▸ Exercise directions:
In your copy, each line below is repeated exactly and no image appears.
== Dataset records ==
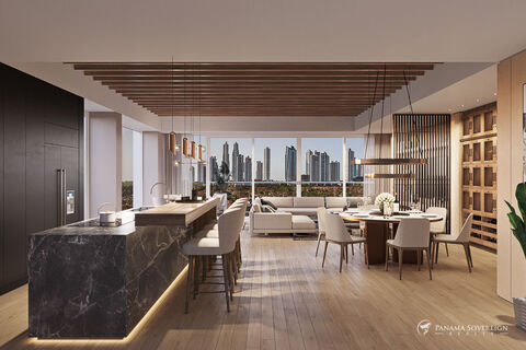 Celeste is a high-rise residential tower situated within the prestigious Santa Maria complex in Panama City. This pre-construction offering combines modern elegance with natural balance, offering an exceptional living experience surrounded by lush landscapes and a world-class golf course designed by Nicklaus Design. Each unit in Celeste boasts expansive layouts, ranging from 190 to 249 m2, with three bedrooms, 3.5 bathrooms, and spacious balconies that frame breathtaking views of the Santa Maria Golf Club and the vibrant Costa del Este area. Interiors feature high-end finishes, including Italian kitchens with marble or granite countertops and modern fixtures from brands like Kohler.
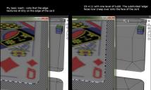 I created a single card mesh with rounded corners, all quads - 48 vertices, 46 faces per card. Three mat zones-face, edges, and back. Mapped the front to the top left card (2 of hearts) on my 54 card map, the back to the full UV map area, and the edges to pick out astripfrom the back. Then duplicated the mesh, moving it up slightly, and adjusted the UV mapping of its front to the next card (3 of hearts).
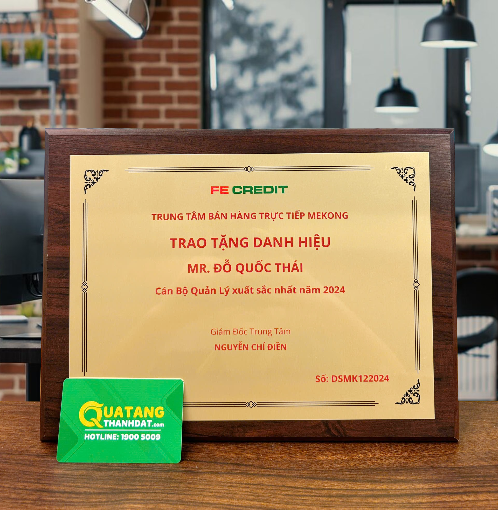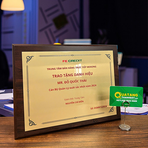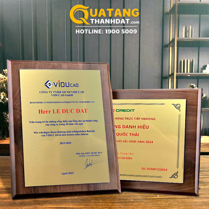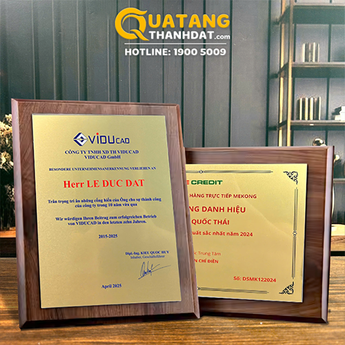 Bạn đang khó khăn trong việc tìm đặt làm bảng vinh danh theo yêu cầu, bạn lo lắng vì không biết giá bảng vinh danh có đắc không thì Quà tặng Thành Đạt sẽ là nơi bạn có thể yên tâm gửi gắm niềm tin vì chất lượng tốt gấp đôi giá thành. Thời gian hoàn thành cực nhanh chỉ khoảng 1-3 ngày sau khi khách chốt mẫu.
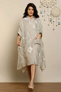 Featuring the Shake The World Square Dress in 100% linen, this comfort-fit dress showcases abstract prints that whisper of shadows and shimmer, offering a striking and elegant silhouette perfect for stylish occasions.
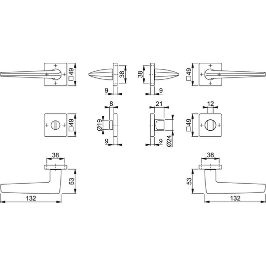 Maniglia Hoppe Macau rosetta e bocchetta quadre 49x49 mm
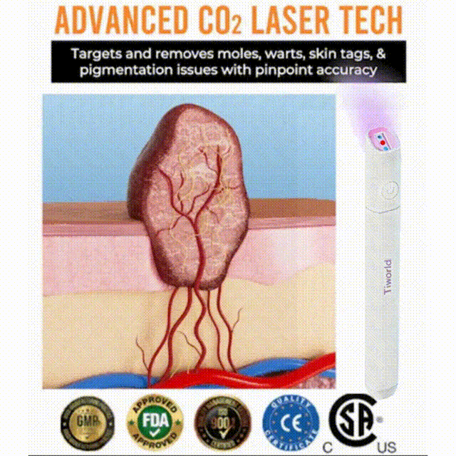 Tiworld™+ All-in-One Laser Eraser Pen uses medical-grade CO₂ laser technology to remove moles, skin tags, warts, and pigmentation spots safely at home.
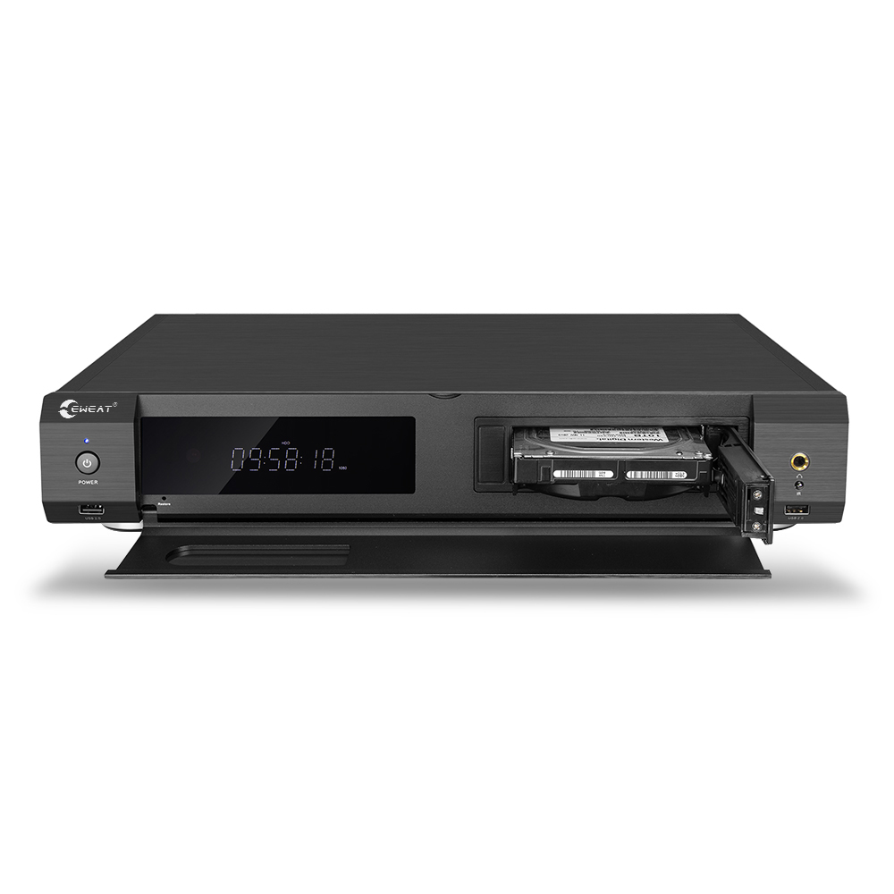 The media player has high-fidelity analog stereo audio outputs(2x XLR+2Xrca) based on ESS9038Pro premium 32-bit DAC with industry's leading level low distortion characteristics
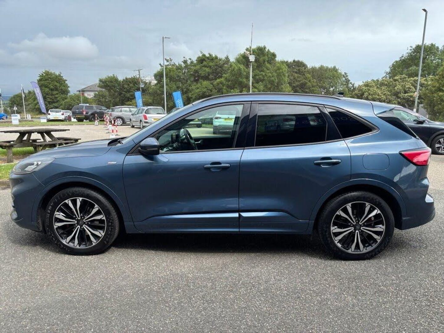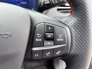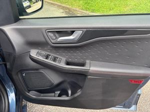 10-Way Power Adjustable Drivers Seat, 12V Power Point in Floor Console, 12v Power Point in Cargo Area, 12v Socket - Voltage Regulator, 19in Alloy Wheels - 5x2 Spoke - High Gloss - Machined, 2nd Row Sliding Seats with 60-40 Split, 8-Way Manual Passenger Seat including Lumbar Support and Height Adjust, Airbag - Driver and Front Passenger Side, Airbag - Front Passenger Deactivation Switch, Airbags - Driver and Front Passenger, Airbags - Front and Rear Side Curtain, Alloy Pedals, Aluminium - Finish Front Scuff Plates with ST-Line Script, Ambient Lighting, Auto Dimming Rear View Mirror, Auto Wipers, Automatic Door Relocking, Automatic Headlights with Auto High-Low Beam, B and O Premium Audio System with Large Instrument Cluster, Black Roof Rails, Centre Console with Electronic Parking Brake, Cruise Control with Adjustable Speed Limiter, Dark Headliner and Pillars, Driver and Passengers Sun Visor with Illumination, Dual Exhaust Tailpipes with Unique Brushed Stainless Steel Finish, Dual Zone Electronic Automatic Temperature Control - DEATC, EPAS - Electric Power Assisted Steering, ESC - Electronic Stability Programme and ABS - Anti Lock Braking System, Engine Immobiliser - SecuriLock, Exterior Door Handles - Body Coloured, Flat Bottom Steering Wheel in Sensico with Red Stitching, Floor Mats - Front and Rear - ST-Line, Ford Easy Fuel System, Ford Key Free System with Ford Power Start Button - Keyless Start, FordPass Connect, Front LED Fog Lights with Cornering Function, Front Seats - 2-Way Manual Height Adjust Passive Head Restraints, Front Seats - Drivers and Passengers Seatback Map Pockets, Front Windows - Laminated Glass, Front and Rear Bumper - Sporty Body Colour with Rear Ebony High-Gloss Insert, Front and Rear Parking Sensors, Full Digital 12.3in Instrument Cluster, Full LED Headlamps, Gear Shift - Unique Leather Trimmed Knob with Satin Aluminium Insert and Red Gaiter Stitching, Glovebox Lights, Handsfree Power Tailgate, Headlights - Automatic Follow Me Home Lighting, Headlights - Unique Bending, Heated Driver and Passenger Seats, Heated Rear Seats, Heated and Power Folding Door Mirrors with Puddle Lights, High-Mounted Brake Light, Intelligent Speed Assist, Kuga Badge, LED Daytime Running Lights, Lane Keeping Aid with Lane Departure Warning, Large Rear Spoiler, Load Compartment - Lights, Load Compartment - Tie Down Hooks, Load Compartment Carpet, Locking Wheel Nuts, Lower Bodyside Moulding - Body Colour, Lower Door Frame Beltline - Black, Manual Childproof Locks on Rear Doors, Mini Overhead Console with Sunglasses Holder Bin, Mobile Phone Wireless Charging Pad, MyKey Gen II, Post Collision Braking, Power Door Deadlocks - Double Locking, Power Door Locks, Power Front and Rear Windows with Shot up and Down - One Global Closing, Power Opening Panoramic Roof, Pre-Collision Assist with Autonomous Emergency Braking - Camera Detection, Privacy Glass, Quickclear Heated Windscreen, Rear Lights - LED, Rear Seat Centre Head Restraint, Rear Seats - 2-Way Head Restraint Up-Down, Rear Seats - Folding Centre Armrest with Integrated Cup Holder, Rear Seats - Sliding Seat Adjust Tracks - Fore-Aft, Rear View Camera, Red Brake Calipers, Remote Power Central Double Locking Doors, Remote Tailgate Release, Removable Package Tray, Rocker Panel Mouldings - Body Colour - ST-Line Design, ST-Line Badge on Left and Right Side Wings, ST-Line Bodystyling Kit, ST-Line Front and Rear Bumper Moulding - Body Colour, ST-Line Leather Gear Knob, Satellite Navigation - Navigation Center, Seat Belt - Drivers - Front Passenger and Rear Seat Belt Reminder Alert, Seat Belts - Front 3-Point Seatbelts with Load Limiter, Seat Belts - Front Height Adjustable, Seat Belts - Rear Retractable Rear Belt - 3-Point All Positions, Seats - ISOFIX Mounting Provision for Child Seats - Outer Seats Only, Selectable Drive Modes, Sports Seats, Standard Duty Suspension, Steering Column - Locking Electric, Steering Column - Rake and Reach Adjustment, Tailgate Handle - Body Colour, Tether Anchorage - Two Rear Seat Top Tether Anchorage Restraints, Thatcham Category 1 Perimeter and Volume Sensing Alarm, Tow Hooks - Front and Rear, Trip Computer, Twin Exhausts, Tyre Inflation Kit, Tyre Pressure Monitoring System, Upper Door Frame Beltline - Black, Wiper - Intermittent Rear Window Wiper, Wrong Way Alert, Chrome Blue, Partial Sensico - Rapton Cloth - Ebony with Red Stitching
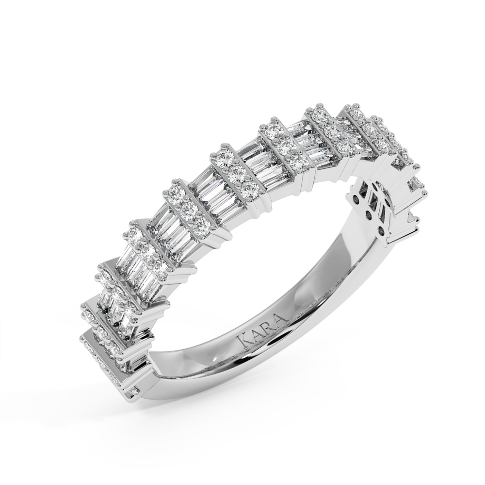 Inel din aur alb de 14K, cu Diamante rotunde de 0.23 ct si Diamante Baget de 0.43 ct. Greutatea inelului este de 3.41 grame. Inelul se poate face pe comanda si din aur de 18K. Putem modifica design-ul in functie de bugetul dumneavoastra. Putem alege caracteristicile diamantelor (taietura,...
===
▸ Written response:
 Celeste is a high-rise residential tower situated within the prestigious Santa Maria complex in Panama City. This pre-construction offering combines modern elegance with natural balance, offering an exceptional living experience surrounded by lush landscapes and a world-class golf course designed by Nicklaus Design. Each unit in Celeste boasts expansive layouts, ranging from 190 to 249 m2, with three bedrooms, 3.5 bathrooms, and spacious balconies that frame breathtaking views of the Santa Maria Golf Club and the vibrant Costa del Este area. Interiors feature high-end finishes, including Italian kitchens with marble or granite countertops and modern fixtures from brands like Kohler.
 I created a single card mesh with rounded corners, all quads - 48 vertices, 46 faces per card. Three mat zones-face, edges, and back. Mapped the front to the top left card (2 of hearts) on my 54 card map, the back to the full UV map area, and the edges to pick out astripfrom the back. Then duplicated the mesh, moving it up slightly, and adjusted the UV mapping of its front to the next card (3 of hearts).
 Bạn đang khó khăn trong việc tìm đặt làm bảng vinh danh theo yêu cầu, bạn lo lắng vì không biết giá bảng vinh danh có đắc không thì Quà tặng Thành Đạt sẽ là nơi bạn có thể yên tâm gửi gắm niềm tin vì chất lượng tốt gấp đôi giá thành. Thời gian hoàn thành cực nhanh chỉ khoảng 1-3 ngày sau khi khách chốt mẫu.
 Featuring the Shake The World Square Dress in 100% linen, this comfort-fit dress showcases abstract prints that whisper of shadows and shimmer, offering a striking and elegant silhouette perfect for stylish occasions.
 Maniglia Hoppe Macau rosetta e bocchetta quadre 49x49 mm
 Tiworld™+ All-in-One Laser Eraser Pen uses medical-grade CO₂ laser technology to remove moles, skin tags, warts, and pigmentation spots safely at home.
 The media player has high-fidelity analog stereo audio outputs(2x XLR+2Xrca) based on ESS9038Pro premium 32-bit DAC with industry's leading level low distortion characteristics
 10-Way Power Adjustable Drivers Seat, 12V Power Point in Floor Console, 12v Power Point in Cargo Area, 12v Socket - Voltage Regulator, 19in Alloy Wheels - 5x2 Spoke - High Gloss - Machined, 2nd Row Sliding Seats with 60-40 Split, 8-Way Manual Passenger Seat including Lumbar Support and Height Adjust, Airbag - Driver and Front Passenger Side, Airbag - Front Passenger Deactivation Switch, Airbags - Driver and Front Passenger, Airbags - Front and Rear Side Curtain, Alloy Pedals, Aluminium - Finish Front Scuff Plates with ST-Line Script, Ambient Lighting, Auto Dimming Rear View Mirror, Auto Wipers, Automatic Door Relocking, Automatic Headlights with Auto High-Low Beam, B and O Premium Audio System with Large Instrument Cluster, Black Roof Rails, Centre Console with Electronic Parking Brake, Cruise Control with Adjustable Speed Limiter, Dark Headliner and Pillars, Driver and Passengers Sun Visor with Illumination, Dual Exhaust Tailpipes with Unique Brushed Stainless Steel Finish, Dual Zone Electronic Automatic Temperature Control - DEATC, EPAS - Electric Power Assisted Steering, ESC - Electronic Stability Programme and ABS - Anti Lock Braking System, Engine Immobiliser - SecuriLock, Exterior Door Handles - Body Coloured, Flat Bottom Steering Wheel in Sensico with Red Stitching, Floor Mats - Front and Rear - ST-Line, Ford Easy Fuel System, Ford Key Free System with Ford Power Start Button - Keyless Start, FordPass Connect, Front LED Fog Lights with Cornering Function, Front Seats - 2-Way Manual Height Adjust Passive Head Restraints, Front Seats - Drivers and Passengers Seatback Map Pockets, Front Windows - Laminated Glass, Front and Rear Bumper - Sporty Body Colour with Rear Ebony High-Gloss Insert, Front and Rear Parking Sensors, Full Digital 12.3in Instrument Cluster, Full LED Headlamps, Gear Shift - Unique Leather Trimmed Knob with Satin Aluminium Insert and Red Gaiter Stitching, Glovebox Lights, Handsfree Power Tailgate, Headlights - Automatic Follow Me Home Lighting, Headlights - Unique Bending, Heated Driver and Passenger Seats, Heated Rear Seats, Heated and Power Folding Door Mirrors with Puddle Lights, High-Mounted Brake Light, Intelligent Speed Assist, Kuga Badge, LED Daytime Running Lights, Lane Keeping Aid with Lane Departure Warning, Large Rear Spoiler, Load Compartment - Lights, Load Compartment - Tie Down Hooks, Load Compartment Carpet, Locking Wheel Nuts, Lower Bodyside Moulding - Body Colour, Lower Door Frame Beltline - Black, Manual Childproof Locks on Rear Doors, Mini Overhead Console with Sunglasses Holder Bin, Mobile Phone Wireless Charging Pad, MyKey Gen II, Post Collision Braking, Power Door Deadlocks - Double Locking, Power Door Locks, Power Front and Rear Windows with Shot up and Down - One Global Closing, Power Opening Panoramic Roof, Pre-Collision Assist with Autonomous Emergency Braking - Camera Detection, Privacy Glass, Quickclear Heated Windscreen, Rear Lights - LED, Rear Seat Centre Head Restraint, Rear Seats - 2-Way Head Restraint Up-Down, Rear Seats - Folding Centre Armrest with Integrated Cup Holder, Rear Seats - Sliding Seat Adjust Tracks - Fore-Aft, Rear View Camera, Red Brake Calipers, Remote Power Central Double Locking Doors, Remote Tailgate Release, Removable Package Tray, Rocker Panel Mouldings - Body Colour - ST-Line Design, ST-Line Badge on Left and Right Side Wings, ST-Line Bodystyling Kit, ST-Line Front and Rear Bumper Moulding - Body Colour, ST-Line Leather Gear Knob, Satellite Navigation - Navigation Center, Seat Belt - Drivers - Front Passenger and Rear Seat Belt Reminder Alert, Seat Belts - Front 3-Point Seatbelts with Load Limiter, Seat Belts - Front Height Adjustable, Seat Belts - Rear Retractable Rear Belt - 3-Point All Positions, Seats - ISOFIX Mounting Provision for Child Seats - Outer Seats Only, Selectable Drive Modes, Sports Seats, Standard Duty Suspension, Steering Column - Locking Electric, Steering Column - Rake and Reach Adjustment, Tailgate Handle - Body Colour, Tether Anchorage - Two Rear Seat Top Tether Anchorage Restraints, Thatcham Category 1 Perimeter and Volume Sensing Alarm, Tow Hooks - Front and Rear, Trip Computer, Twin Exhausts, Tyre Inflation Kit, Tyre Pressure Monitoring System, Upper Door Frame Beltline - Black, Wiper - Intermittent Rear Window Wiper, Wrong Way Alert, Chrome Blue, Partial Sensico - Rapton Cloth - Ebony with Red Stitching
 Inel din aur alb de 14K, cu Diamante rotunde de 0.23 ct si Diamante Baget de 0.43 ct. Greutatea inelului este de 3.41 grame. Inelul se poate face pe comanda si din aur de 18K. Putem modifica design-ul in functie de bugetul dumneavoastra. Putem alege caracteristicile diamantelor (taietura,...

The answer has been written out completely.